In the previous blog, you mentioned multiple optimizations for a script. I thought it had been optimized, but when the tester tested it, I realized that I had stepped into a big hole in Python.
In the optimization above, for every 500 users, some calculations are performed and the results are recorded in the disk file. Originally thought to do so, these results in the disk file, and will not continue to occupy memory, but in fact, Python's big pit is Python does not automatically clean up the memory. This is determined by its own realization. Specific reasons on the Internet more an article introduction, here is not copy.
This blog will post a writer's experimental script to illustrate that Python does not release the memory of the phenomenon, but also proposed a solution, namely: First Del, and then explicitly call Gc.collect (). Script and concrete effects see below.

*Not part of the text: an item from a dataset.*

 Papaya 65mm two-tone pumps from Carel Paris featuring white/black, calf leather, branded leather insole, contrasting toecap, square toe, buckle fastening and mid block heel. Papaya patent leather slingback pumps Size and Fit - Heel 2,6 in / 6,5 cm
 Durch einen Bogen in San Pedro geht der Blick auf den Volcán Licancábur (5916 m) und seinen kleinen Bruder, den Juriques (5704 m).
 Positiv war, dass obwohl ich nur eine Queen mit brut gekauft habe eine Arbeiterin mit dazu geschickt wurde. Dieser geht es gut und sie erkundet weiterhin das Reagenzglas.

Experimental environment One: Win 7, Python 2.7
From time import sleep, time
import GC
def mem (way=1):
print Time () to
I in range (10000000):
If way = = 1:
pass
Else: # way 2, 3
del i
print time ()
if way = 1 or way = 2:
pass
else: # way 3< C14/>gc.collect ()
print time ()
if __name__ = = "__main__":
print "Test way 1:just Pass"
Mem (Way=1) C19/>sleep
print "Test way 2:just del"
mem (way=2) Sleep
()
print "Test way 3:del, and then GC.C Ollect () "
mem (way=3) sleep
(20)
The results of the operation are as follows:
Test way 1:just Pass
1426688589.47
1426688590.25
1426688590.25
Test way 2:just del
1426688610.25
1426688611.05
1426688611.05
Test Way 3:del, and then Gc.collect ()
1426688631.05
1426688631.85
For Way 1 and way 2, the result is exactly the same, the program memory consumption peak is 326772KB, in sleep 20 seconds, memory real-time consumption is 244820KB;
For Way 3, the peak memory consumption of the program is the same, but the real-time memory consumption of sleep is only 6336KB.

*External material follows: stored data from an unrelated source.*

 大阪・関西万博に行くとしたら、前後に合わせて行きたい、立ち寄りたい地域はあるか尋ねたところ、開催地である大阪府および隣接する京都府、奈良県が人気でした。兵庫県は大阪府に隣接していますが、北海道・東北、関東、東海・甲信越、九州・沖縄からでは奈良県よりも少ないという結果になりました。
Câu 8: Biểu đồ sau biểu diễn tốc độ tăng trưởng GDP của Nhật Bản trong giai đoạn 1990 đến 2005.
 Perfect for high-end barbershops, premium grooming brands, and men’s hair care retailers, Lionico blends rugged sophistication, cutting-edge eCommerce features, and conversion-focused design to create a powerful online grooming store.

Experimental Environment II: Ubuntu 14.10, Python 2.7.3
Run Result:
Test way 1:just Pass
1426689577.46
1426689579.41
1426689579.41
Test way 2:just del
1426689599.43
1426689601.1
1426689601.1
Test Way 3:del, and then Gc.collect ()
1426689621.12
1426689622.8
ubuntu@my_machine:~$ Ps-aux | grep test_mem
Warning:bad PS syntax, perhaps a bogus '-'? http://procps.sf.net/faq.html
Ubuntu 9122 10.0 6.0 270916 245564 pts/1 s+ 14:39 0:03 python test_mem.py
ubuntu 9134 0.0 0.0 8104 924 pts/2 s+ 14:40 0:00 grep--color=auto test_mem ubuntu@my_machine:~$ ps-aux
| grep test_mem
warning:bad PS syntax, perhaps a bogus '-'? http://procps.sf.net/faq.html
Ubuntu 9122 10.0 6.0 270916 245564 pts/1 s+ 14:39 0:03 python test_mem.py
ubuntu 9134 0.0 0.0 8104 924 pts/2 s+ 14:40 0:00 grep--color=auto test_mem ubuntu@my_machine:~$ ps-aux
| grep test_mem
warning:bad PS syntax, perhaps a bogus '-'? Http://procps.sf.net/faq.html
Conclusion:
As it turns out, when you call Del, Python does not actually release the memory, but instead continues to put it in its memory pool, and only when the Gc.collect () is explicitly invoked will the memory be really released.
Further:
In fact, go back to the previous blog script, also let it introduce Gc.collect (), and then write a monitoring script to monitor memory consumption:
The result is that the GC does not appear to be working until the memory is recovered in a group of 500 users, but it continues to consume only about 70MB. In this environment, the machine uses the cloud instance, the total memory 2G, the usable memory is approximately 1G, this script memory common consumption is 900m-1g. In other words, for this script, the GC does not work immediately, but only when the system's available memory drops from 1-1.2g down to around 70M, the GC does not begin to function. This is really odd, and it's not clear whether the script is related to the Gc.collect () used in thread, or that the GC works is inherently not controllable. The author has not done related experiments, may continue to explore in the next blog.
However, it is certain that if you do not use Gc.collect (), the original script will run out of system memory and be killed. This can be seen from the syslog.
The above is the entire content of this article, I hope to help you learn, but also hope that we support the cloud habitat community.